WORK REQUIRED: Your answer must be a word-for-word copy of the listing, with all pictures excluded.

DATA SHOWN:
^^^^^^^^^^^^^^^^

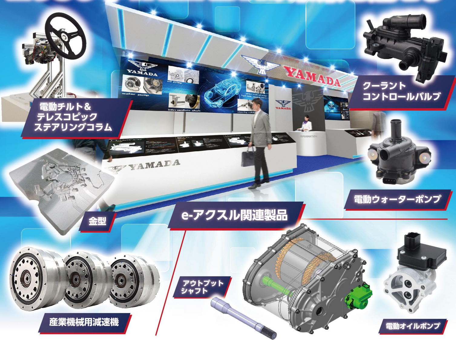
電動チルト& テレスコピック ステアリングコラム
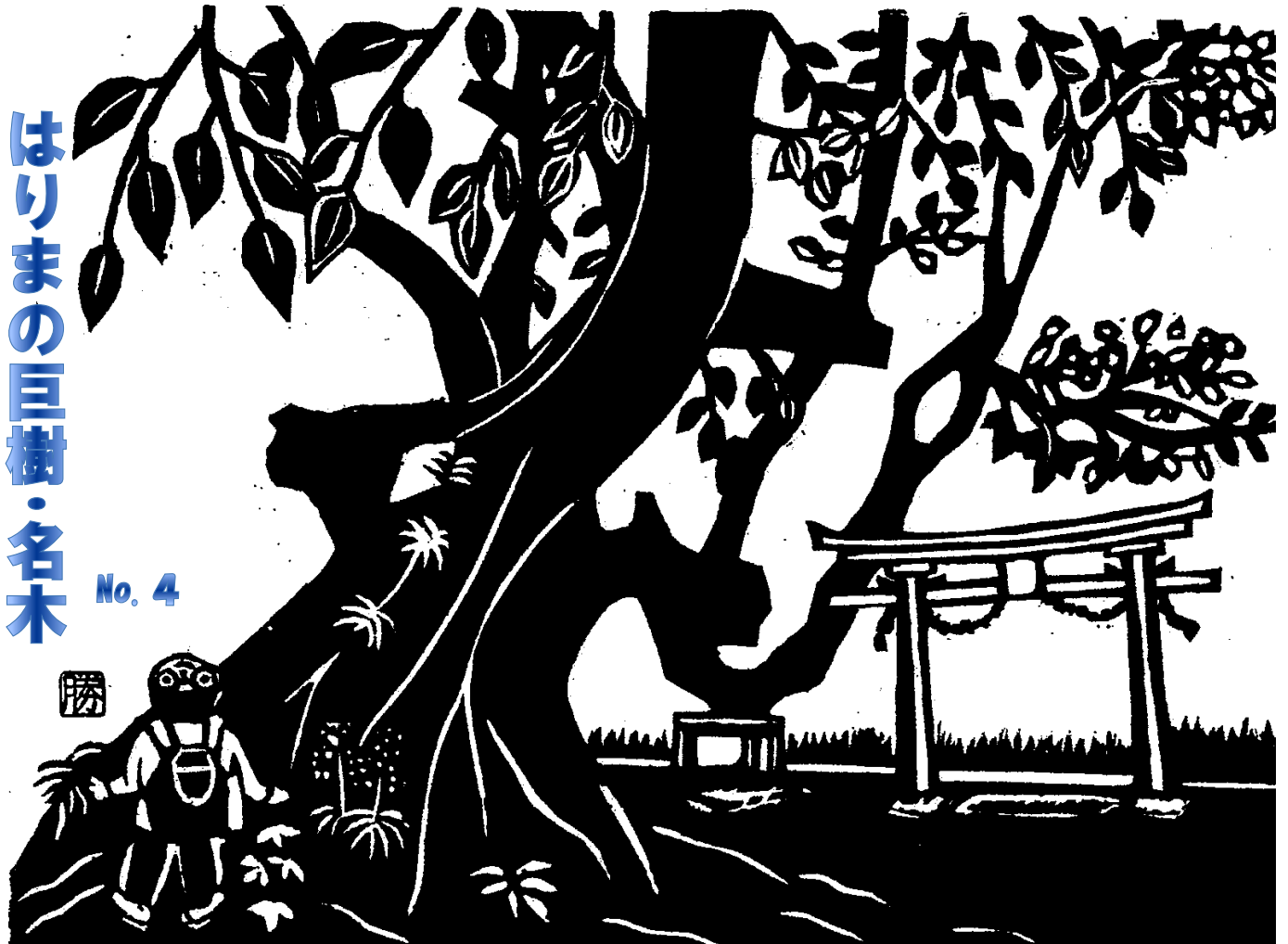
ムクノキ（天満神社）

しんぶんを通して、人のWa'・平和のWa'・話のWa'など限らないWa'に出会いたい…そんなWa'を伝えていきます。 (生活創造応援隊 一同)

^^^^^^^^^^^^^^^^

SOLUTION BELOW:
電動チルト& テレスコピック ステアリングコラム
ムクノキ（天満神社）

しんぶんを通して、人のWa'・平和のWa'・話のWa'など限らないWa'に出会いたい…そんなWa'を伝えていきます。 (生活創造応援隊 一同)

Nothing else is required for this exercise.